■ To do
Take the lines in the listing below from the line with "珠江钢琴集团作为中国乃至世界" up to and including the line with "导致扣款失败常见的原因有余额" and set them down exactly, skipping pictures and adding nothing.

■ Dataset records
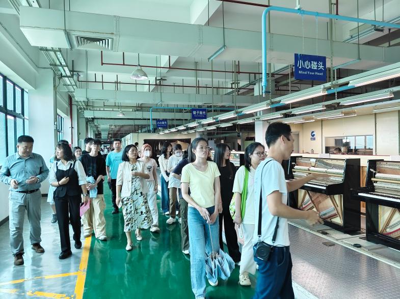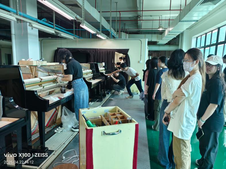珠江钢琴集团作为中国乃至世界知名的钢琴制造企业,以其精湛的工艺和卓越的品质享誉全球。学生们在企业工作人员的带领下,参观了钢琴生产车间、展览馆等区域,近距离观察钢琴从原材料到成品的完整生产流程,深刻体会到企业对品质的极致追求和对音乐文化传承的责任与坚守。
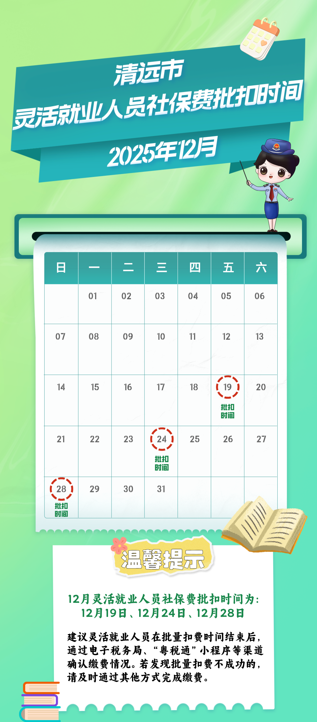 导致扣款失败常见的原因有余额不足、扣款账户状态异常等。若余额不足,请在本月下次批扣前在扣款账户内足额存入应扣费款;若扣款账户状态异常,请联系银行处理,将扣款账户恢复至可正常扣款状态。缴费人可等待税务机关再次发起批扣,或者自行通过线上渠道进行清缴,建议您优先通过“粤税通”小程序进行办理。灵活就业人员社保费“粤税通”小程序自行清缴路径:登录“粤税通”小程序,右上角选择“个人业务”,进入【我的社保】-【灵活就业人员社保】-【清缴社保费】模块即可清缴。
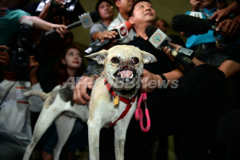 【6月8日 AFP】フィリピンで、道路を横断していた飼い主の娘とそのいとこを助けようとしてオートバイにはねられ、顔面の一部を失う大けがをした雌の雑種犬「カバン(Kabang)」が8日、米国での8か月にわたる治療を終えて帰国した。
--
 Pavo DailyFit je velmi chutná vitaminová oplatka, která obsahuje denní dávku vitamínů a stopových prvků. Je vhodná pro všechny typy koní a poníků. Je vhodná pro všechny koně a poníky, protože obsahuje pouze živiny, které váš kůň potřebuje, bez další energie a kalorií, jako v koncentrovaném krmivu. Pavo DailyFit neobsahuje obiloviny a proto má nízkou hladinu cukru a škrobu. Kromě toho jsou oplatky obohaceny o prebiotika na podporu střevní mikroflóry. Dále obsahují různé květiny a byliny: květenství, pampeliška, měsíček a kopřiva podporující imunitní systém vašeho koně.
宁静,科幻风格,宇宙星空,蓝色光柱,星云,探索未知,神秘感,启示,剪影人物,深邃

■ Output below
珠江钢琴集团作为中国乃至世界知名的钢琴制造企业,以其精湛的工艺和卓越的品质享誉全球。学生们在企业工作人员的带领下,参观了钢琴生产车间、展览馆等区域,近距离观察钢琴从原材料到成品的完整生产流程,深刻体会到企业对品质的极致追求和对音乐文化传承的责任与坚守。
 导致扣款失败常见的原因有余额不足、扣款账户状态异常等。若余额不足,请在本月下次批扣前在扣款账户内足额存入应扣费款;若扣款账户状态异常,请联系银行处理,将扣款账户恢复至可正常扣款状态。缴费人可等待税务机关再次发起批扣,或者自行通过线上渠道进行清缴,建议您优先通过“粤税通”小程序进行办理。灵活就业人员社保费“粤税通”小程序自行清缴路径:登录“粤税通”小程序,右上角选择“个人业务”,进入【我的社保】-【灵活就业人员社保】-【清缴社保费】模块即可清缴。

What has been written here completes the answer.